Considering the low response rates associated with school professional completion of online surveys (Yetter & Capaccioli, 2010), we invited the complete directory of 34,571 school counselors with the aim to recruit between 600 and 800 participants. To minimize participant burden, we sent the email invitation only once. A total of 994 individuals opened the link, and 864 completed consent procedures. The final statistical sample included a total of 560 school professionals who completed the measures pertaining to the aims of this study.
The majority of participants reported working as a school counselor (95.9%) and a small number (3.8%) reported working in a related role (e.g., supervisor of school counselors, career development coordinator). Participants reported their race to be White (86.1%), Black or African American (9.1%), other (3.0%), American Indian or Alaskan Native (2.0%), Asian (1.4%), or Native Hawaiian/other Pacific Islander (0.9%). Ethnicity was asked as a separate question, with 4.7% of the sample indicating they were Hispanic or Latinx. The majority of participants (85.9%) reported their gender as female. Participants described working in their position for 0–5 years (36.6%), 5–10 years (23.5%), 10–15 years (21.7%), 16–20 years (14.9%), or 20 or more years (3.2%).

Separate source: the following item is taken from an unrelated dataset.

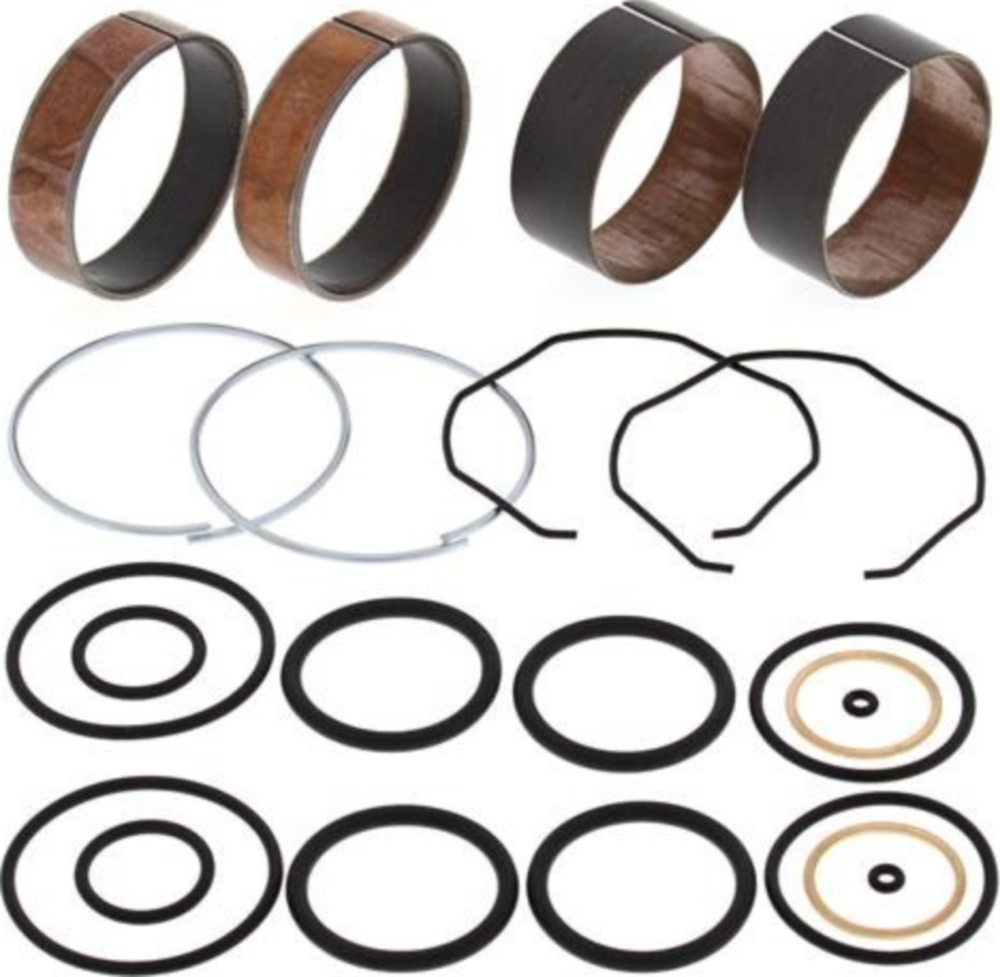 Die Kits enthalten (2) Schiebeführungen (2) Beinbuchsen zusammen mit allen notwendigen Kupferscheiben, O-Ringen und Gabeldichtsprengringen.Die Buchsen sind Prüfstand getestet bei 500.000 Schlägen mit weniger Verschleiß als bei OEM Buchsen.

Participants reported working in elementary schools (23.9%), elementary and/or upper elementary schools (5.7%), middle schools (21.3%), high schools (35.9%), and schools with grades pre-K–12 (6.8%). Racial and ethnic compositions included schools that were predominantly non-Hispanic/Latinx and White (approximately 73% reported their student body as having 0%–30% Latinx students and 57.3% reported 50%–100% White students).
Measures
Demographic Questions
Demographic questions about participants included age, gender, ethnicity, profession, years spent working in the current position, and years spent working in the current school. Participants also reported on the demographics of their schools, describing the age range, racial/ethnic composition, and socioeconomic demographics of the student bodies.
The School and Community Mental Health Services Questionnaire
The SCMHSQ was initially developed as part of a larger questionnaire focused on school mental and community mental health services, and hospital-to-school reintegration services (Marraccini et al., 2019). Based on previous research and following an ecological systems theory, the items comprising the SCMHSQ were designed with the idea that schools can serve as a primary microsystem and facilitate supports across a student’s mesosystem. Thus, as described in the introduction, the survey aims to capture issues related to the microsystem (in-school mental health supports and services, leadership support of mental health services) and mesosystem (school relationship with the families, hospitals, and mental health providers).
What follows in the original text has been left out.